Se trata de una de las normas más extrañas de toda la legislación mundial. El artículo 171 del Código civil francés permite que el presidente de la República autorice, por razones graves, la celebración de un matrimonio si uno de los futuros esposos murió luego de haber explicitado de algún modo inequívoco su consentimiento. Sí, lo han entendido, en Francia se admite la posibilidad de casarse con un difunto o difunta y de enviudar al instante. Carente de incidencia patrimonial o sucesoria, la figura se asienta sobre todo en motivos simbólicos y sentimentales.

Cabría pensar que la regla deriva de tradiciones desusadas y que, por ende, no tiene hoy utilidad práctica. Pues ni lo uno ni lo otro. La regulación a la que me refiero surge con ocasión de la catástrofe de la presa de Malpasset, en la Costa Azul, que reventó en 1959 provocando numerosas víctimas. Entre ellas, el prometido de una joven embarazada cuyo casamiento estaba previsto para poco después.

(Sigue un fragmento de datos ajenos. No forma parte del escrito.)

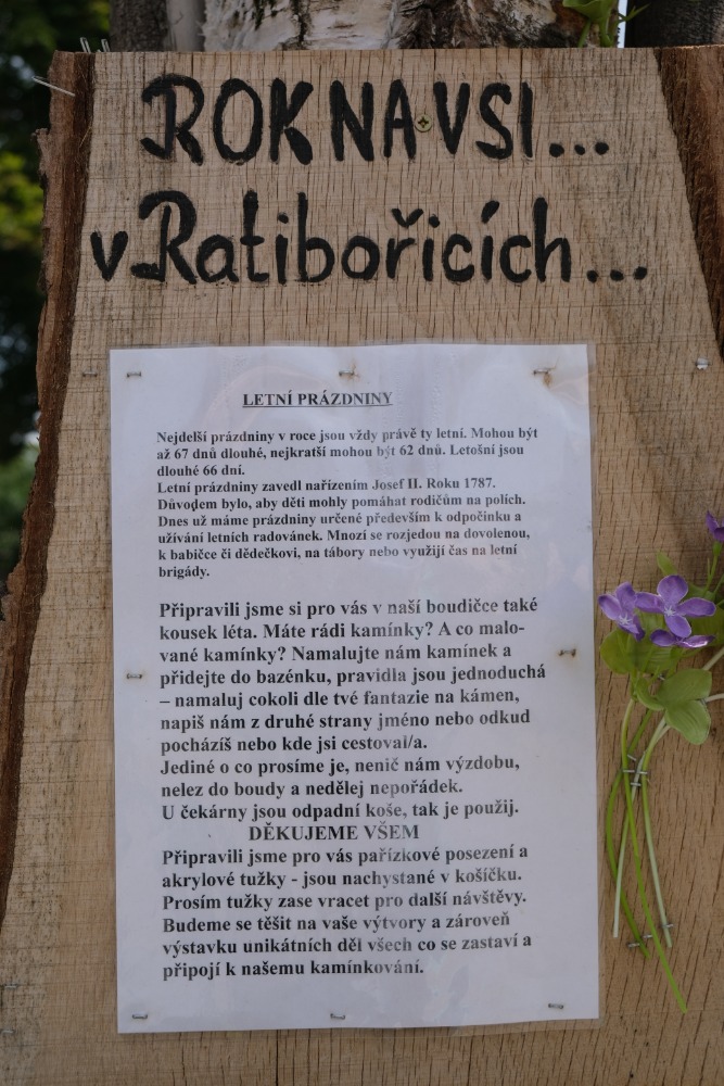 Při nedělním obcházení chasy obcí s dechovou hudbou Horanka bylo dost teplo a účastníci průvodu rádi přijali chlazené občerstvení od místních občanů, kteří je netrpělivě vyhlíželi u svých obydlí a s chutí si poslechli písničky, které jim hudebníci na jejich přání zahráli. Muzikanti hráli až se jim od nástrojů kouřilo a po celých Ratibořicích bylo veselo. Zmínit je třeba stylově vytvořenou letní upoutávku vedle ratibořické autobusové zastávky, kterou vytvořili a vyzdobily ratibořické ženy.

Conmovida la opinión pública por su desgracia, las autoridades otorgaron un permiso especial a la encinta para que, a pesar de todo, matrimoniase. Enseguida, y bajo la presidencia de De Gaulle, la solución encontró firme acomodo en el precitado Código, amparando, desde entonces, una media de entre cuarenta y cincuenta ceremonias similares cada año.

Es cierto que este tipo de uniones existieron excepcionalmente durante los conflictos mundiales, tanto en Francia como en Alemania (en ésta, hasta se instauró un macabro divorcio post-mortem) y que, rebuscando, guardan relación con los llamados "matrimonios de espíritus", arraigados en algunas zonas de China y en los que, pásmense, ambos esposos pueden ser difuntos. Pero no lo es menos que jamás tales precedentes alcanzaron el grado de generalidad que posee el vigente mandato francés.

A mí, aun reconociendo su buena intención, no deja de parecerme un completo disparate: legaliza un simulacro de matrimonio que pervierte su verdadera finalidad -proteger jurídicamente un proyecto de vida en común- e introduce una distorsión patológica entre los límites del más acá y del más allá.

No diré que me asombre. Ya casi nada lo logrará en este ámbito. Pero, en lo que tiene de soberbia ante los azares del destino, sí que me inquieta: negarle potestad decisoria a la muerte, desafiar su imperio y burlarlo, se convierte en un claro indicio de cuán lejos anda este mundo nuestro de su imprescindible y natural cordura.